For their first summer break, Lora took five children to Colville to visit their "Grandpa Pac" and their big Uncle Jim. Cliff, nine, was a fatherly oldest child. Clara is only seven but she also helped with the three younger boys, including baby Ralph.

The next winter (1915-16), George spent much of his time in bed with rheumatism. Even touching the bed would cause great pain. Although he would have spells of rheumatism on-and-off his whole life, this would be one of the worst bout.

Willie and Lloyd Hobbs in Washington

In the spring of 1917, George and Lora moved to Colville, Washington with their five children, staying first with Jim.

But most of the summer the Smarts lived with Lora's younger sister "Aunt Bill" and Lloyd Hobbs and their family near Rice, southwest of Colville on the Columbia River. Lora gave birth to Helen Margarite b. 6-18-17.

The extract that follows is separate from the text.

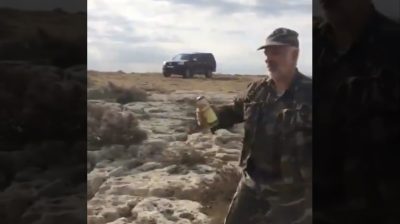 俄羅斯, 一名男子試圖從懸崖上扔啤酒的空罐. 但山谷的熱空氣返回像迴旋鏢箱. 看來大自然已經不能容忍我們的垃圾了…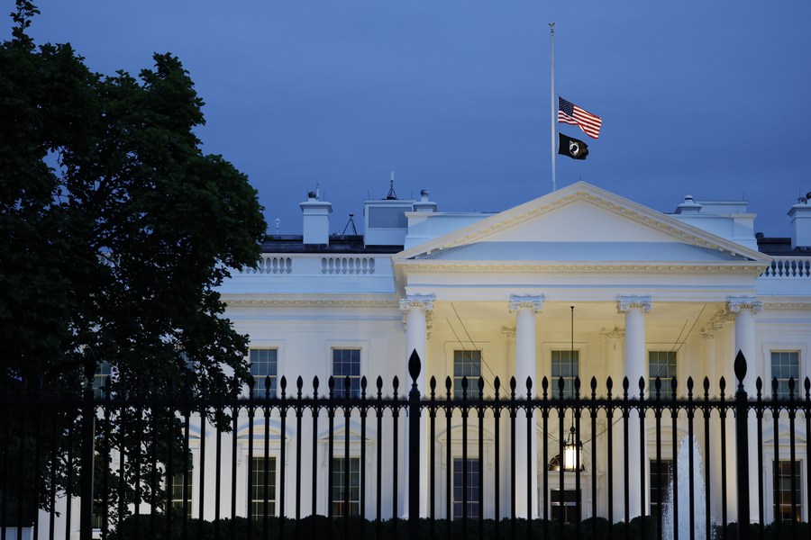 The U.S. flag flies at half-staff on top of the White House in Washington, D.C., the United States, on May 24, 2022. (Photo by Ting Shen/Xinhua)

The handle "Aunt Bill" came to Wilma Temple Edgar in stages. She was known as "Willie" from childhood. Somewhere along the way, it got shorted to "Bill." The nieces and nephews took it from there.

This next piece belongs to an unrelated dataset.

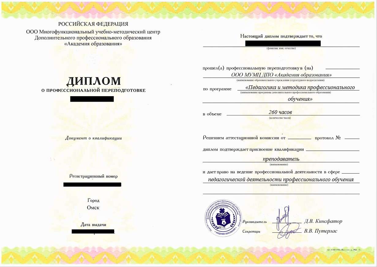 Переподготовка педагогика и методика профессионального обучения в Омске

George was getting much better and was able to take care of a large vegetable garden Willie had planted.

George Goes to Work Near Spokane, Washington

Soon the family moved to Kettle Falls where George got work on a farm and the family moved to Greenacres, now a suburb of Spokane, on the Spokane River. Estle George was born here February 4th, 1919.

In 1921, George worked in a cement plant outside of Spokane.

George Gets Into Real Estate

George went into real estate in the 1920s. Through his new contacts, he heard of a 160-acre farm at Halfmoon Prairie, near Deer Park and the Great Northern Railroad, north of Spokane. The family bought the farm and moved there in 1923. They grew produce and took it to Spokane to sell.

The Family Pulls Together

It didn't seem to matter weather they were in Oklahoma or Washington, when it was time to pick fruit, the whole family chipped in to help friends and neighbors "get the fruit in." The money earned working the fields and orchards helped sustain them when they needed it most.

 

Education for the Children

The children went to school, walking 2 miles or so, and the older children finished the first 8 grades there--passing the State Tests and graduating in the spring of 1924. Clara finished the 9th grade and went on to high school in Greenacres, living with friends.

The younger children were kept in school all through the 8th grade, in spite of moving every few years. Ralph, for example, went to 1st grade in Green Acres (1921), 2nd-4th in Deer Park, 5th-7th in Goldendale and graduated in Wenatchee in 1930. Some months he only made it to school six days.

 

 

 

 

Model" T" Ford Pickup

In 1925, George bought a Model T Ford.

He traded the wagon and team for mechanized transportation. This was indeed a big change in his life. Delivering fruits and vegetables was significantly affected.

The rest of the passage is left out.